Spanish State takes over eighth bank

The Spanish government is taking over another lender as its clean-up of the troubled financial sector gathers pace and healthier banks cough up funds to purge the system of toxic real estate assets.

The government said today it had secured the private investment it needed to get its 'bad bank' going, with most of the capital coming from the country's top lenders, except for BBVA.

The asset management company, known by its Spanish acronym Sareb, will house rotten real estate loans and properties from Spain's most ailing lenders, including four nationalised banks that need 37 billion euros ($48.25 billion) in European aid.

At the same time, Spain's government is in the process of taking over more banks or taking minority stakes in small lenders, as many struggle to find the capital they need to cope with their real estate woes and an economic downturn.

Spain appealed to Europe this year for help for banks hit by the 2008 collapse of a long property boom, but the country remains in the eye of the euro zone debt storm and Prime Minister Mariano Rajoy is considering asking for a bailout for public finances as well.

The government is taking a stake of over 50 percent in small, unlisted lender Banco Mare Nostrum (BMN), a BMN spokesman said on Thursday. The bank was long seen as one of the next in line for help.

The operation is the eighth state take-over of a bank since Spain's financial crisis began in 2008.

BMN, which has total assets close to 70 billion euros, had originally wanted a capital boost with temporary state aid via convertible bonds, handing the government a minority stake.

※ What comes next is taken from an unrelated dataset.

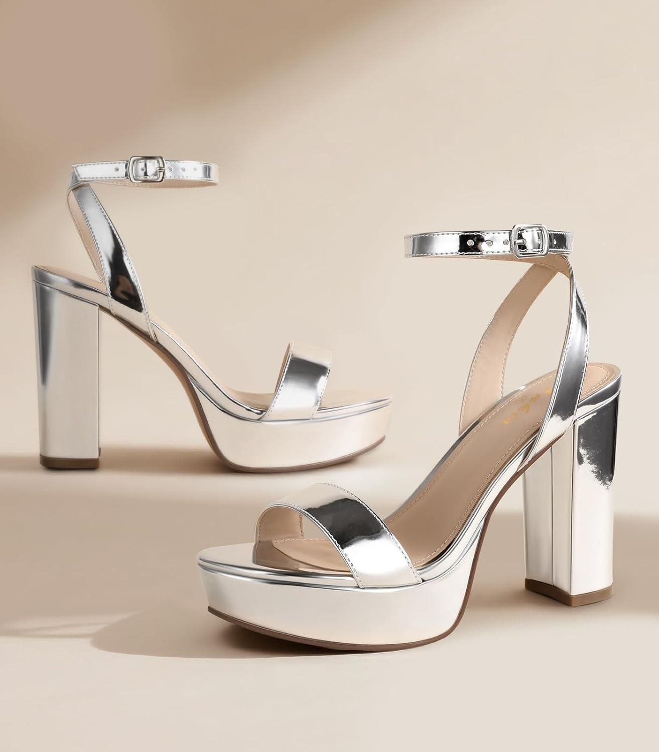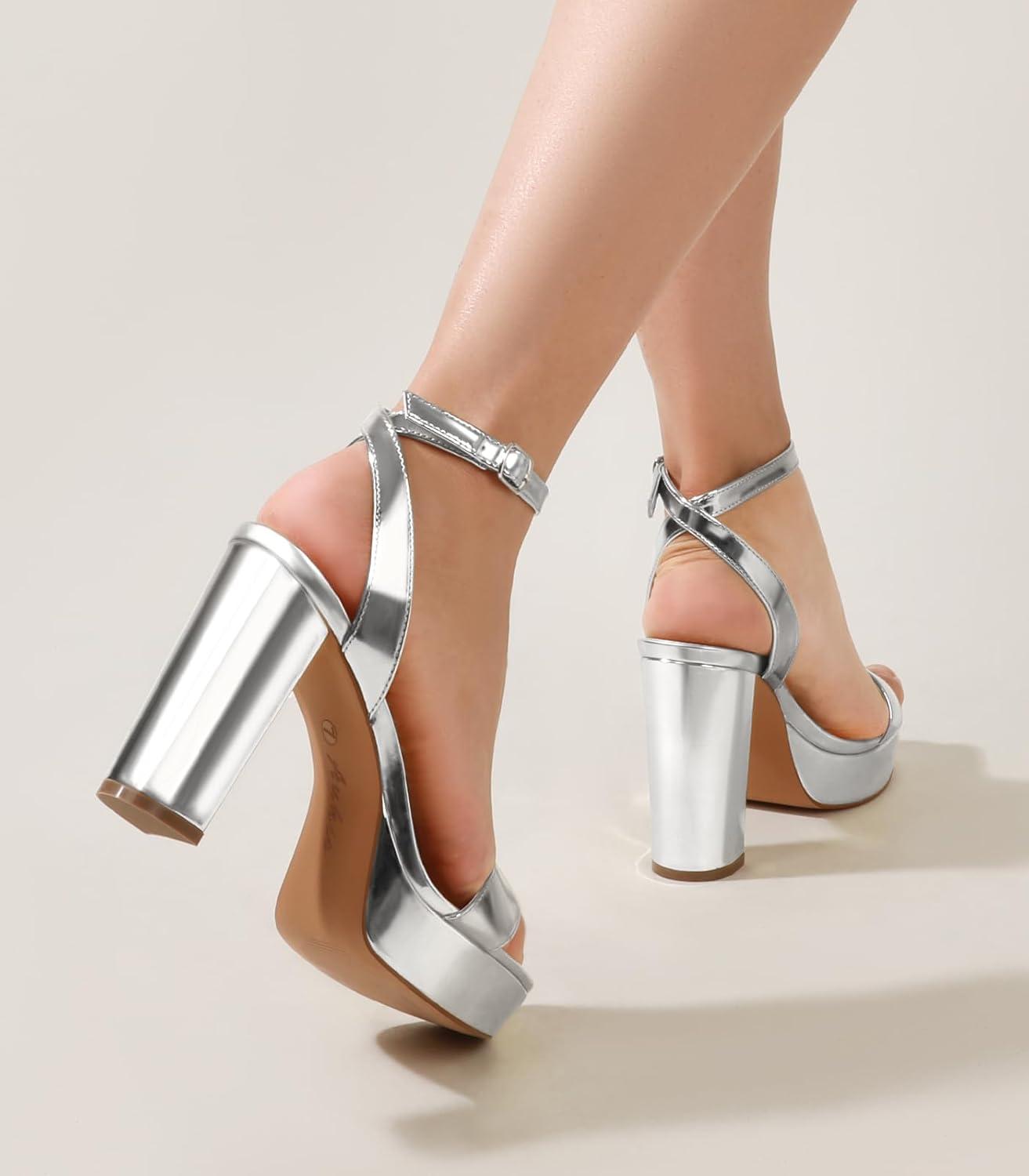 Ankis Platform Heels for Women 4 Inches Chunky Heels Sandals for Women Comfy Open Toe Block Heeled Sandals Nude White Silver Gold Black Ankle Strappy Heels(Silver Pu)
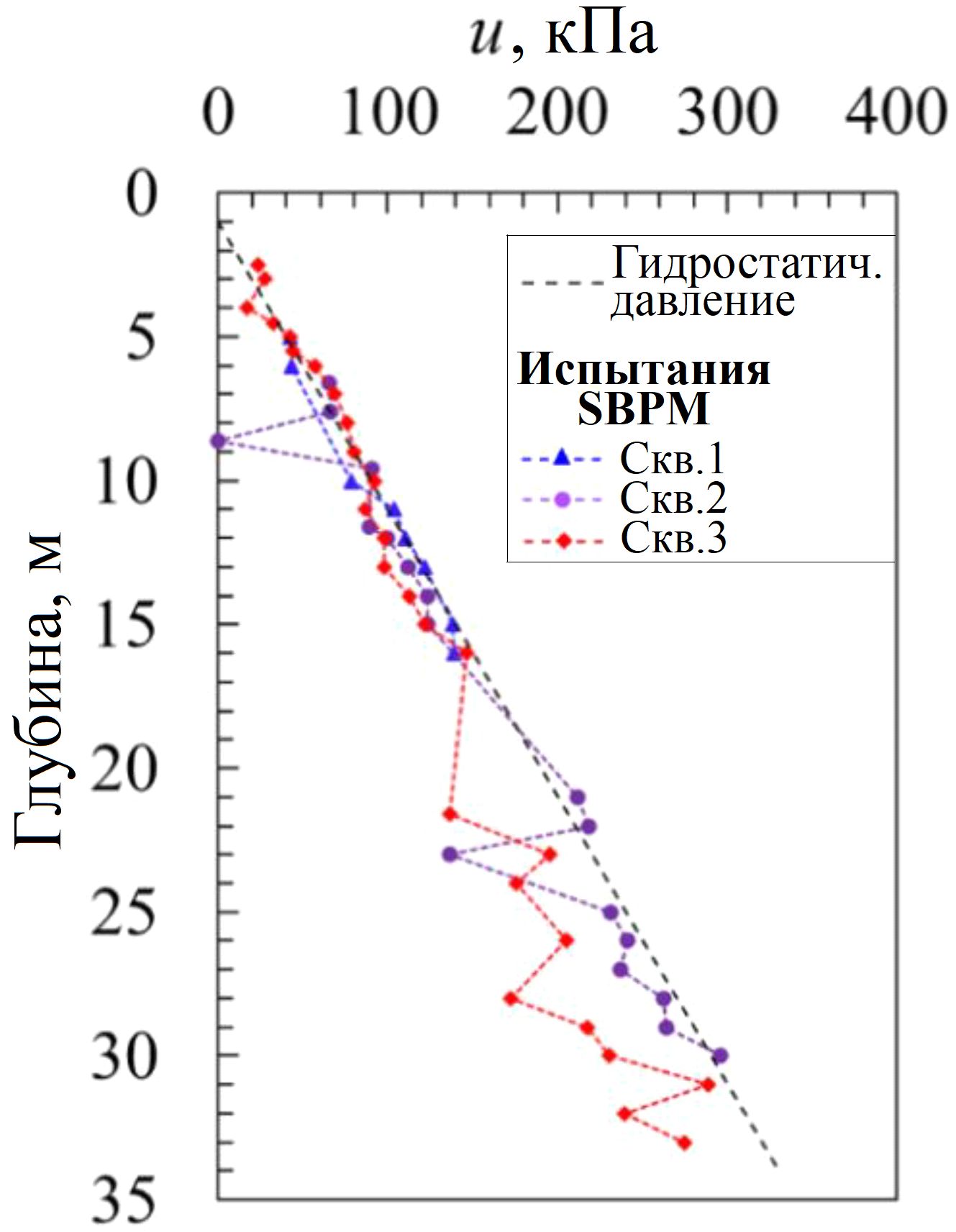 Рис. 7. Результаты определения порового давления воды с помощью испытаний самозабуривающимся пресиометром в скважинах 1, 2 и 3, сопоставленные с гидростатическим давлением

"We don't know the exact amount yet but it will easily be more than 50 percent and it will be a direct capital injection," the spokesman said.

Spain has came under pressure from Europe to draw a line under its banking turmoil quickly and decisively, and has dropped options such as state loans to lenders.

"There was big battle between Europe and the Bank of Spain to decide what form the capital injections could take," a source with knowledge of the rescue negotiations said. "That's the price of the rescue -- that the Bank of Spain and the Economy Ministry are no longer in charge."

Spain had already earmarked some 1.5 billion euros in extra capital needs for four small Spanish banks -- BMN, CEISS, Caja 3 and Liberbank. An audit of the banking system in September showed they needed 6.2 billion euros, but Spain estimates that number will fall when they transfer assets to Sareb.